P13B-2140
Long-Lived Storms and Squall Lines on Titan

Monday, 14 December 2015
Poster Hall (Moscone South)
Scot CR Rafkin and Erika L Barth, Southwest Research Institute Boulder, Boulder, CO, United States
Abstract:
The impact of CAPE and wind shear on storms in a Titan-like environment are explored through numerical simulation. Numerical modeling indicates that both large-scale shear and CAPE environment control the dynamics of the clouds. This response to the large-scale environment is analogous to the behavior of deep convective clouds on Earth. The balance between shear and CAPE, as expressed through the bulk Richardson Number (NR), is a good indicator of the response of a storm to its environment. Large NR results in short-lived single cell storms (Figure 1a). As shear increases for a given CAPE, and NR decreases, the storms transition to a multicellular regime. Multicellular storms are longer-lived and are characterized by a downdraft generated cold pool that interacts with the background shear vorticity to initiate cells along the leading edge of the storm gust front (Figure 1b). The most intense multicellular systems simulated in this study behave similar to terrestrial squall lines, and very long-lived storms (>24 hours) propagating for 1000 km or more might be possible. Cloud outbursts and linear cloud features observed from ground and Cassini may be the result of these organized storm systems.

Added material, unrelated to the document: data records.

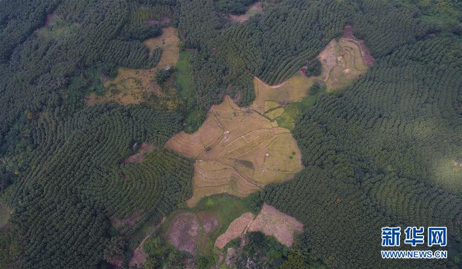 航拍位于白沙黎族自治县青松乡拥处村的山兰稻田(11月16日无人机拍摄)。 新华社记者 罗江 摄
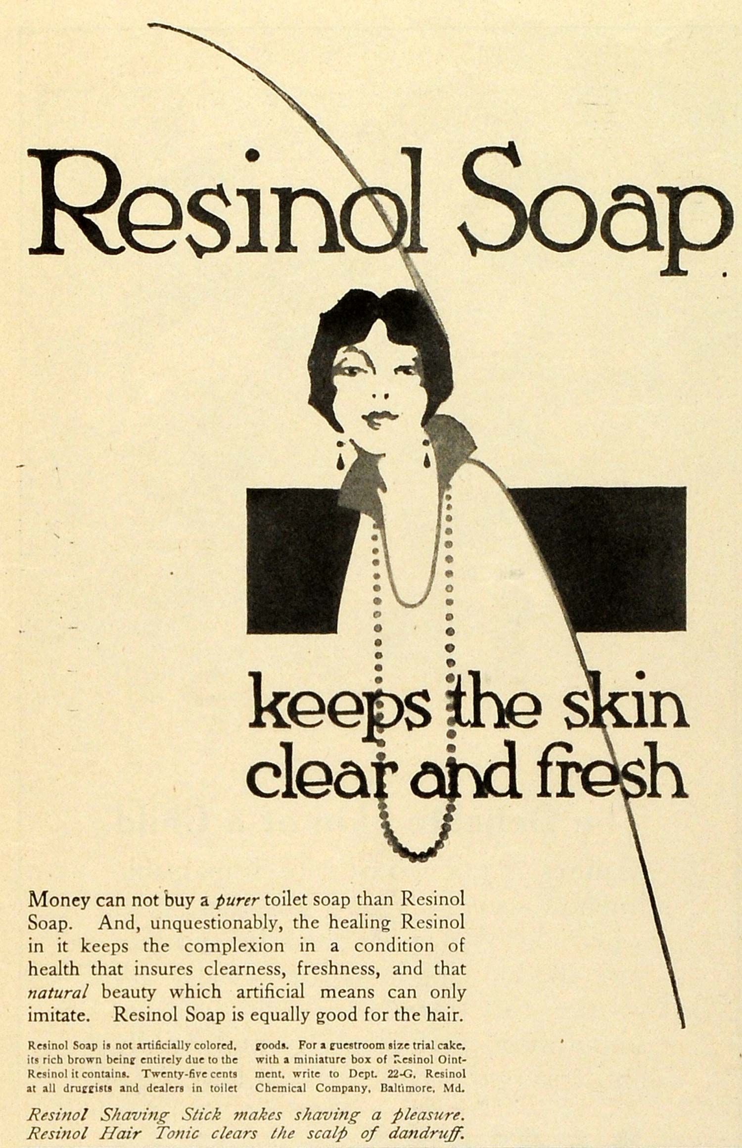 This is an original 1914 black and white print ad for the Resinol Chemical Company of Baltimore, Maryland; this ad features their Resinol Soap for cleansing the skin.
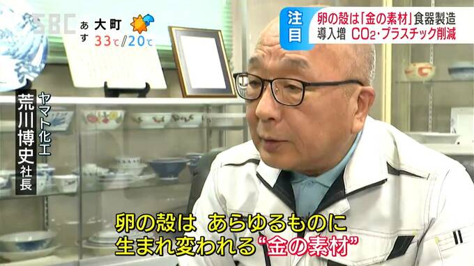 ヤマト化工・荒川博史社長: 「卵の殻はあらゆるものに生まれ変われる金の素材。捨てるだけではもったいない。モノを作る段階でのCO2の削減、またできた製品のCO2の削減、生産にかかわるモノ全て環境に配慮したモノづくり、そういうものを目指していきたいなという思いでこういう素材のものを積極的に使うように取り組んでいます」
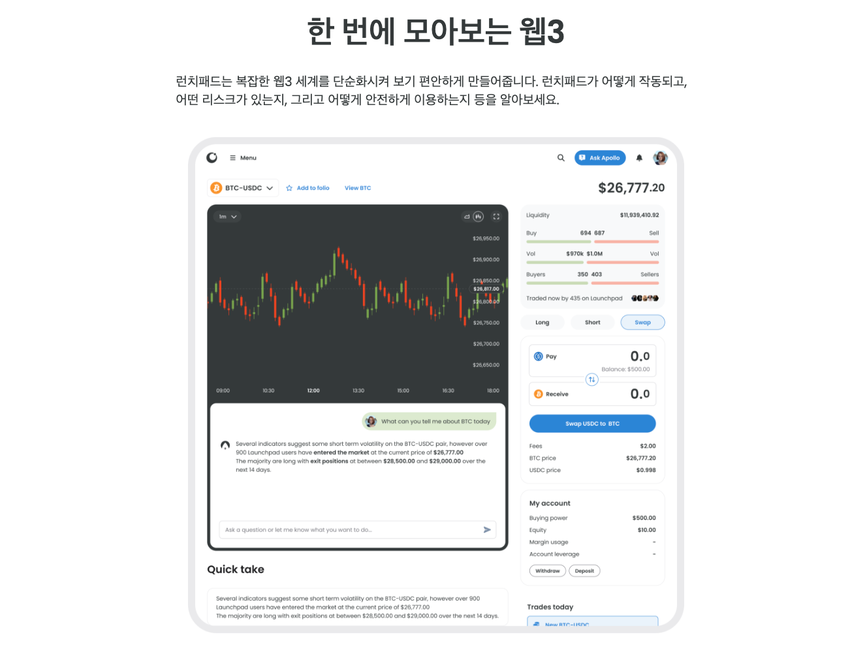 Sponsored Sponsored또한 토큰을 스테이킹하면 런치패드 XYZ 트레이딩 터미널에서 다양한 인사이트 자료도 사용할 수 있다. 아직 $LPX가 CEX나 DEX에서 거래된 적이 없어 과거 자료를 기반으로 미래 가격 움직임을 예측할 수는 없지만 다양한 사용 사례를 제공하는 만큼 투자 매력이 존재한다고 분석할 수 있다. $LPX는 유틸리티 토큰으로 자동차, 부동산 등의 조각화된 자산을 구매하는 데 사용할 수 있다.

Varying amounts of shear in the Titan environment might explain the variety of convective cloud expressions identified in Cassini orbiter and ground-based observations. The resulting distribution and magnitude of precipitation as well as surface winds associated with storms have implications on the formation of fluvial and aeolian features, including dunes, and on the exchange of methane with the surface and lakes.